-- TASK REQUIREMENTS --
Once the images are set aside, print the remaining lines below exactly.

-- DATA PROVIDED --
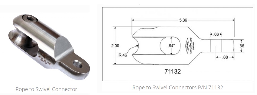 P/N 71132 Rope To Swivel Connector 21/32 In. Rope To Swivel Connector Rated @ 15,000 Lbs. (6804Kg) Max Load Can Be Used With Gmp Swivel P/N 70139 Weight 2.3 Lbs. (1.0 Kg)
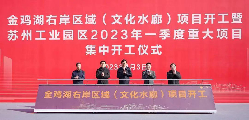 1月3日,在金鸡湖右岸区域(文化水廊)项目开工暨苏州工业园区2023年一季度重大项目集中开工仪式上,由新建元圆融参与开发建设的苏州中环广场、苏州文华东方酒店、苏州当代美术馆等金鸡湖右岸重点项目集中开工,奏响高质量发展“最强音”,展示新年新气象,全力冲刺“开门红”。
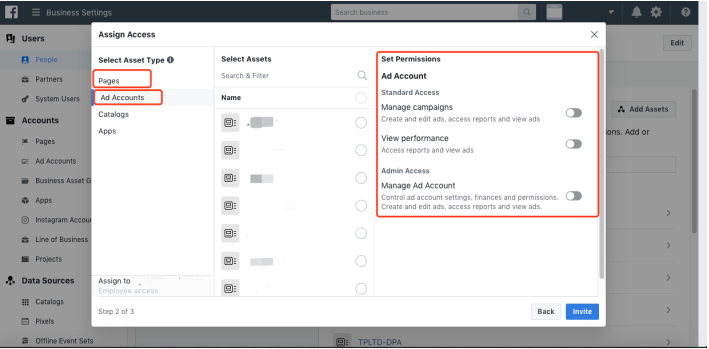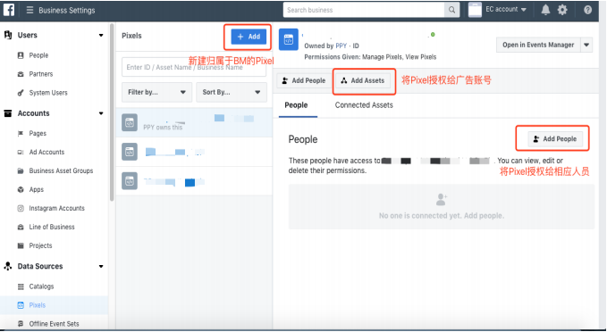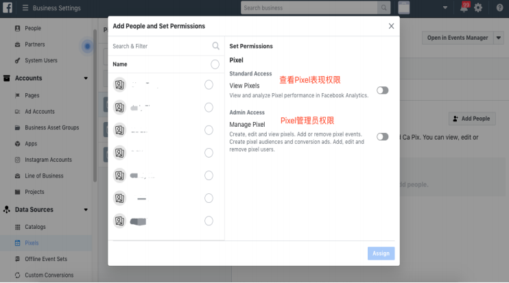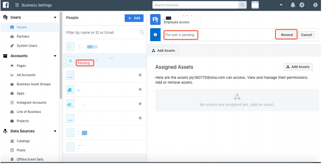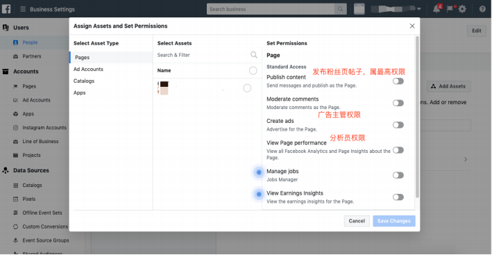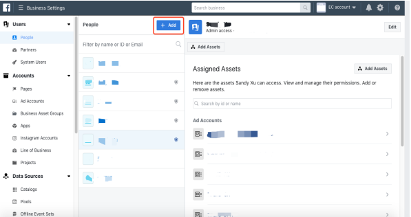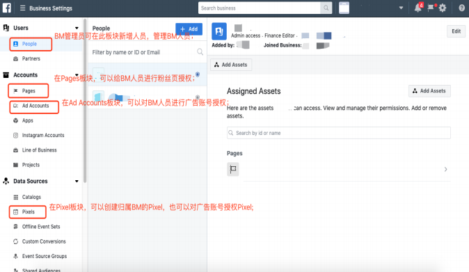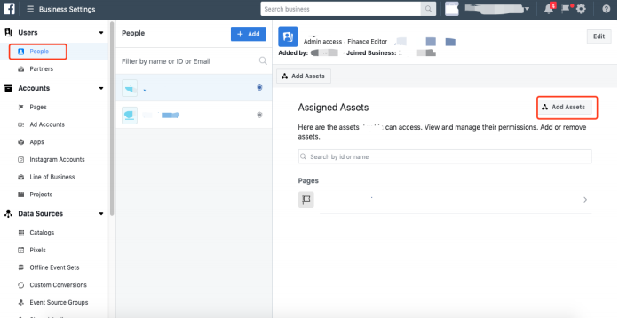 选择相应的人员,点击右边的 Add Assets 即可进行相应的粉丝页,广告账户,catalog,APP等授权;或者进入相应的板块,进行授权。

-- RESULT FOR THIS TASK --
 P/N 71132 Rope To Swivel Connector 21/32 In. Rope To Swivel Connector Rated @ 15,000 Lbs. (6804Kg) Max Load Can Be Used With Gmp Swivel P/N 70139 Weight 2.3 Lbs. (1.0 Kg)
 1月3日,在金鸡湖右岸区域(文化水廊)项目开工暨苏州工业园区2023年一季度重大项目集中开工仪式上,由新建元圆融参与开发建设的苏州中环广场、苏州文华东方酒店、苏州当代美术馆等金鸡湖右岸重点项目集中开工,奏响高质量发展“最强音”,展示新年新气象,全力冲刺“开门红”。
 选择相应的人员,点击右边的 Add Assets 即可进行相应的粉丝页,广告账户,catalog,APP等授权;或者进入相应的板块,进行授权。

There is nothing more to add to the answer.